Вообще же, я считаю, что сами эти рассуждения, имеющиеся в разной литературе, для искусства оказываются методологически вредными, поскольку когда они принимают очень большие амбиции, как только они начинают учительствовать, то искусство пустеет. Когда Штокхаузен вообразил себя жрецом, он сразу многое потерял. До того момента, пока он был простым грешным, хотя и сложным человеком, он писал очень хорошую музыку, но как только он осознал свою «исключительность», то стал писать, как мне кажется, менее интересно.
— Как бы Вы отнеслись к такому определению творческого кредо композитора-полистилиста, а именно: художник, по очереди примеряющий чужие маски и доказывающий, что может сымитировать любой стиль, усвоить любое влияние, рождает свою маску и манеру выражения?
— Что меня здесь не устроило бы: у меня никогда не возникает актерская способность к перевоплощению, то есть я никогда не исхожу из ощущения маски, костюма, но у меня возникает ощущение вживания в эту среду и ее ощущение как своей; причем это ощущение в последние годы у меня усилилось и связано вообще с моим интересом к наивным попыткам людей не реальным, а каким-то духовным, психологическим образом преодолеть рамки времени, отправиться в прошлое или что-то в этом роде. Но я бы не хотел выглядеть как актер, меняющий платья и маски, пусть даже и остающийся при этом самим собой, потому что сам принцип обращения каждый раз к новому, новой технике или новым элементам стиля для меня несколько иной — я как будто начинаю мыслить этими категориями: не подражать этим интонациям, не маски надевать, а как бы войти в эти оболочки, среды, которые они окружают, стать ими, влезть в эти «шкуры». Если вопрос касается прошлых эпох, то здесь можно, конечно, видеть и представлять себе такие маски, но когда это касается еще живого, развивающегося языка современности, современной технологии, то я не хотел бы считать никоим образом, что в «Пианиссимо» я, допустим, надел маску Лигети, а в симфонии маску Берио. В то же время в «Сюите в старинном стиле» — да, я, положим, влезаю в маску Баха, то же в произведении на музыку Моцарта. Что касается языка современной музыки, то он представляет собой пока некое общедоступное достояние, где каждый ищет и может найти. Особенно заметна вся эта общность языка в сериальный период, где вся музыка казалась написанной одним человеком, а отличия представлялись чисто технологическими. Конечно, очень трудно установить стилистические отличия в коллажной технике — это ведь тоже общая техника и индивидуальное тут лежит в обращении с чужим.
— В условиях такого коллажного письма возникает ли у Вас сознательное желание вызвать у слушателя те или иные ощущения, представления, связанные с многомерностью музыкального времени и пространства, с его практически неограниченной ассоциативностью в полистилистических сочинениях?
— Да.
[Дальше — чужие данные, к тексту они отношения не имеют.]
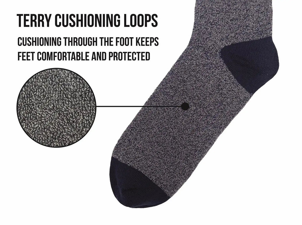 PREMIUM COTTON-RICH BLEND: Crafted with a high-quality cotton-rich composition, these Men's walking boot socks offer a soft touch, ensuring both durability and comfort. Unlike wool socks, our Bramble active socks, with 80% cotton, keep your feet feeling soft, fresh, and warm whether you're enjoying the great outdoors or the comforts of home.
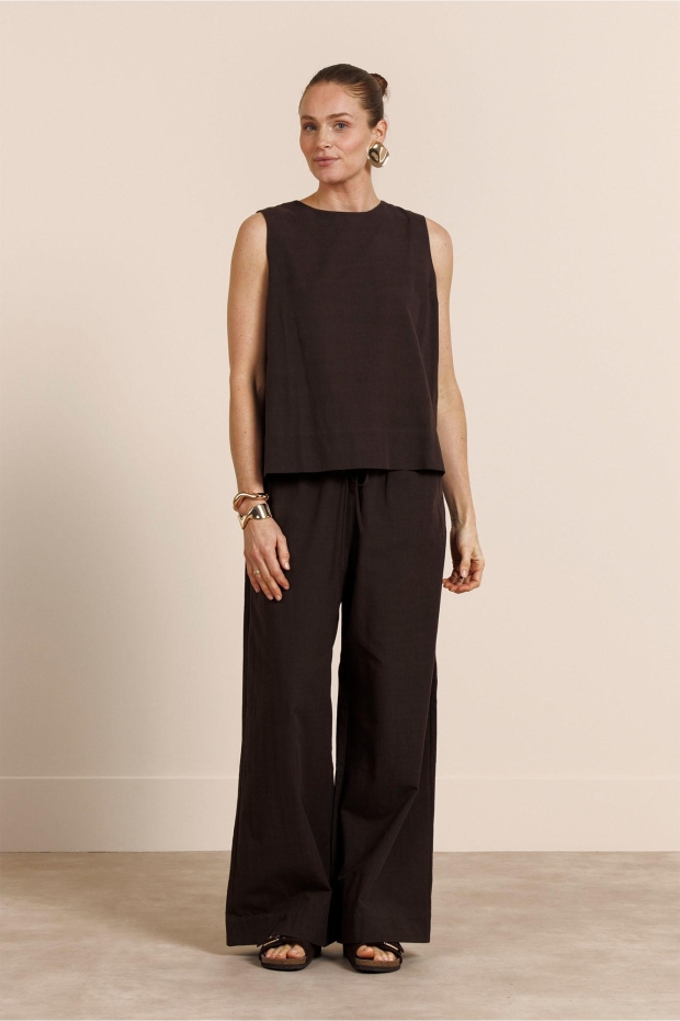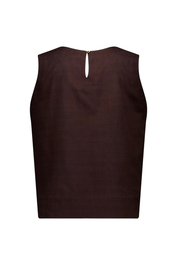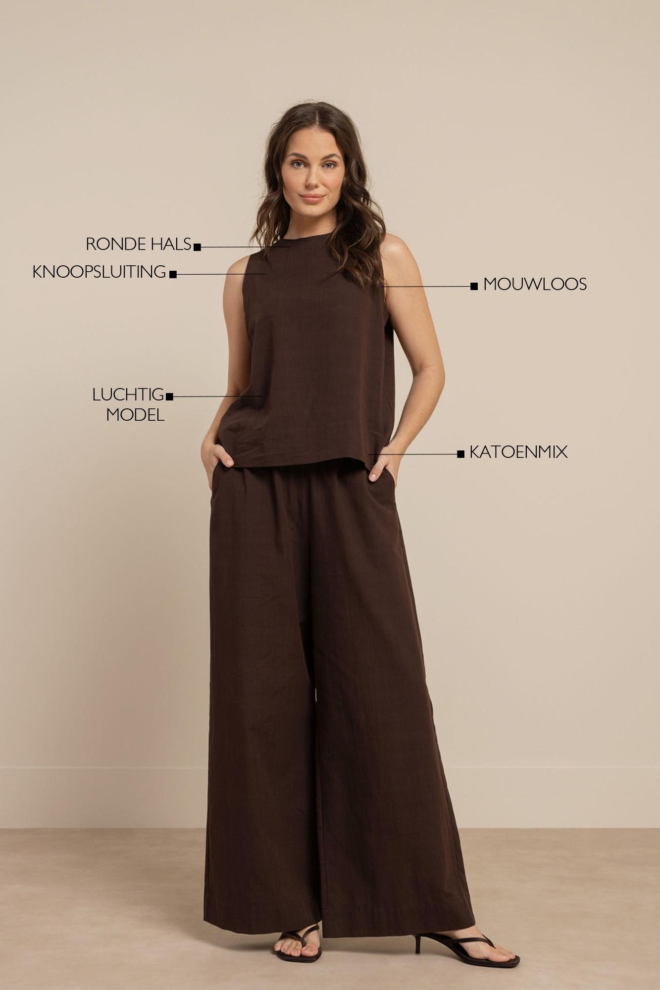 Maak kennis met de Gilian linnen top van STUDIO ANNELOES, een must-have voor je zomergarderobe. Deze donkerbruine top, ook wel 'espresso' genoemd, straalt elegantie uit en is perfect voor de warme maanden in Nederland.
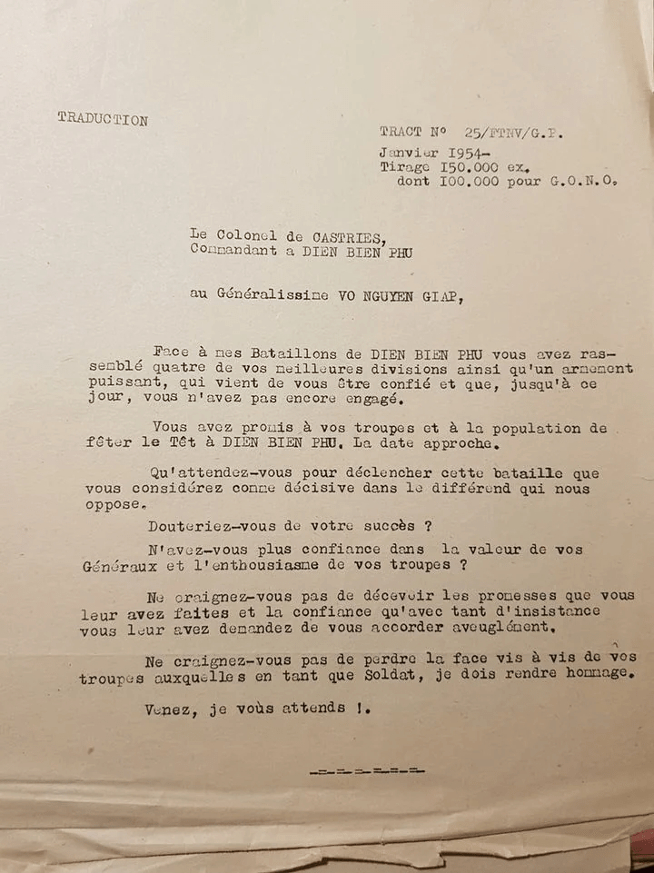 Trước dự đoán rằng khả năng Việt Nam sẽ từ bỏ Điện Biên Phủ, qua truyền đơn, Đại tá De Castries đã gửi tới Đại tướng Võ Nguyên Giáp một bức thư khiêu chiến, được viết bằng cả tiếng Pháp và tiếng Việt. Được biết có 150.000 bản được in ra dự trù cho việc sau khi chiến thắng Việt Minh quân Pháp sẽ gửi tặng làm kỷ niệm cho các viện bảo tàng, tặng binh lính và rải nhiều nơi ở Việt Nam. Tuy nhiên chúng đã bị tiêu hủy gần hết và số còn lại hiện được lưu giữ tại bảo tàng quân sự Pháp.
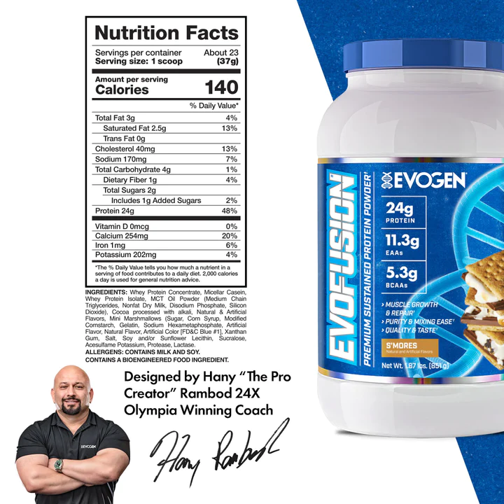 EVOGEN EVOFUSION 4.6 LBS es la elección definitiva para atletas y entusiastas del fitness que buscan optimizar su recuperación y crecimiento muscular. Esta fórmula avanzada combina proteínas de absorción rápida y lenta, asegurando un suministro constante de aminoácidos a tus músculos cuando más lo necesitan.
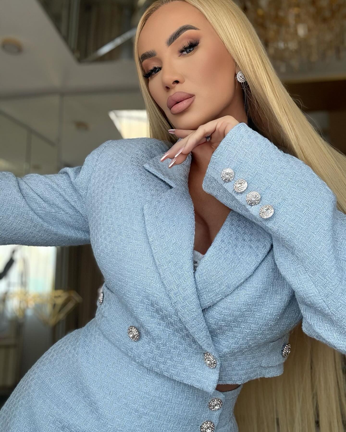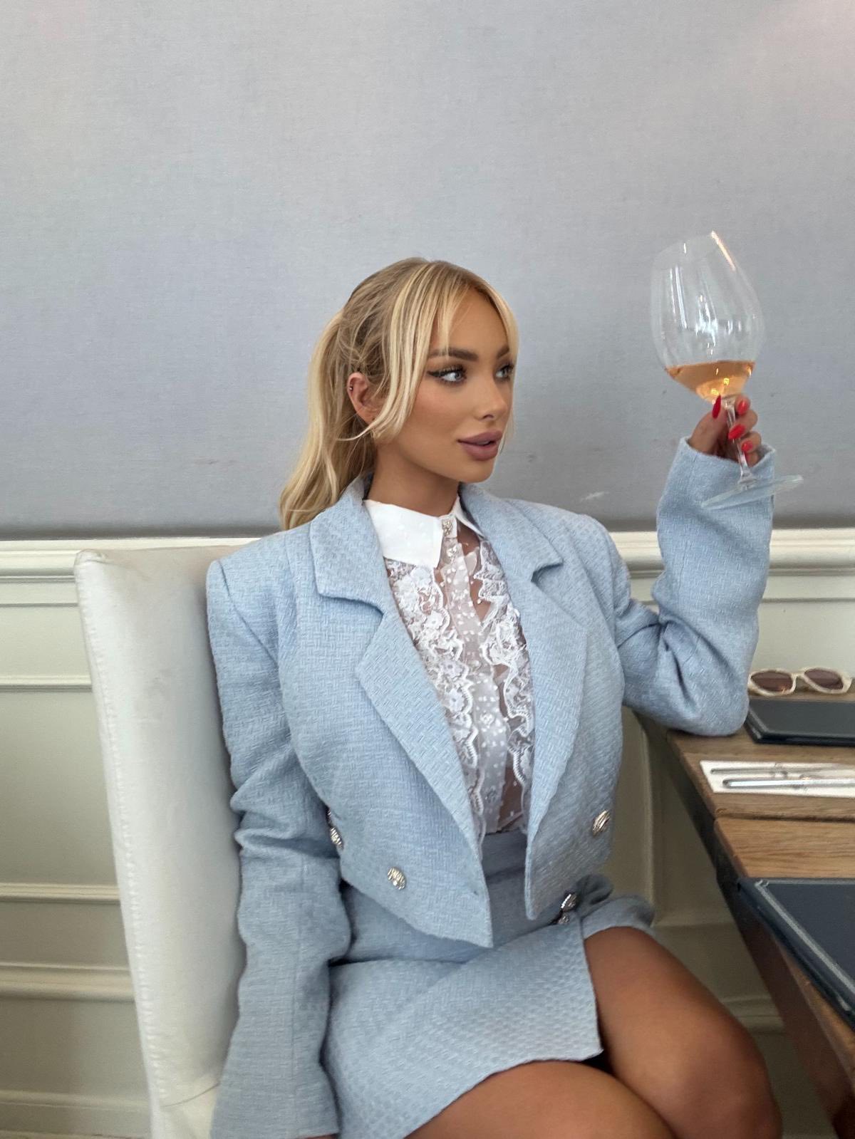 Marynarka o krótszym, luźniejszym kroju wykonane z mięsistego tweed’u z domieszką bawełny w pięknym błękitnym kolorze. Krój z kołnierzem, klapami z wszytymi poduszkami na ramionach, które dodają elegancji. Zapinana jest z przodu na dwurzędowe, srebrne guziki. Element guzików znajduje się także na dole rękawów w mniejszej wersji. Dodatkowo po bokach posiada paski z tymi samymi guzikami, co daje możliwość regulacji dopasowania w talii i możliwość jej wytaliowania. Dolna część marynarki z tłu posiada wszyty elastyczny ściągacz. Model z błękitną podszewką.
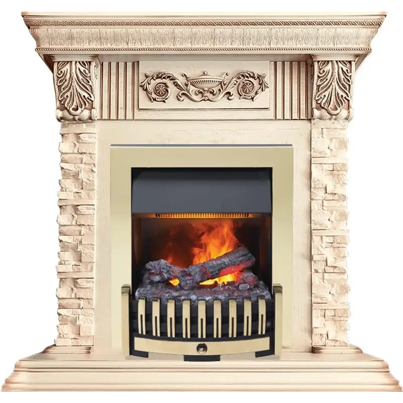 Каминокомплект Dimplex Luxemburg (каменный) - Сланец/Cлоновая кость с патиной с очагом Danville Brass FB2

Иногда возникает. Например, в симфонии мне не удалось реализовать одно представление, которое было во мне при сочинении этого произведения. Оно состояло в том, что происходит какое-то мгновенное изменение с современной фактуры на музыку из XVIII века с последующим столь же резким возвращением в современность. Где-то на грани похожего есть и другие эпизоды, но такого буквального воплощения многомерности, пожалуй, нет, тем более, что это и форме там не нужно. Но сознательное намерение такое было.
— Это намерение было целью или необходимостью?
— Трудно определить цель. Конечно, всякая музыка сочиняется также и с целью воздействовать на слушателя, но одновременно она есть риск, темный лес, куда вы углубляетесь, сочиняя ее, и вот зайти в этот темный лес интересно, поскольку многое можно найти здесь. Эта идея игры со временем, поиграть временем, появилась у меня, так сказать, сознательно, еще до того, как я начал сочинять симфонию, примерно в 1967–1968 годах. Думать об этом я начал потому, что был не доволен своими сериальными опытами и не был доволен стилистическим усыханием музыки, которое вообще типично для этой техники. Я стал искать не более узкое — не сериальное, не тональное, — а значительно шире, чем эти две сферы. Мне показалось, что обнаженное сопоставление стилей, о котором я, конечно, знал (существовали коллажи, существовали целые произведения, написанные в этой технике), дает эту возможность. Я начал думать о том, что, в сущности говоря, все развитие музыки представляет собой непрерывное расширение музыкального пространства — появляются все новые и новые плоскости мышления, появляются факторы, которые вначале имеют чисто духовный характер — их вроде бы не осознаешь и не анализируешь, но потом они становятся осознанными, становятся элементами техники. Скажем, форма, которой наверняка не занимались в XVIII веке, занимаясь контрапунктом, затем становится дисциплиной. Может, нечто подобное происходит и со стилем, может быть, и стиль представляет собой незамкнутое пространство, неодномерную плоскость и, следовательно, тоже может быть нарушен в этом плане. Я представляю себе, что когда появился образный контраст, где-нибудь на подходе к сонатной форме, то и это было каким-то грубым насилием над привычкой к однотемной музыке, и нечто подобное, очевидно, ощущается сейчас при столкновении элементов разных стилей.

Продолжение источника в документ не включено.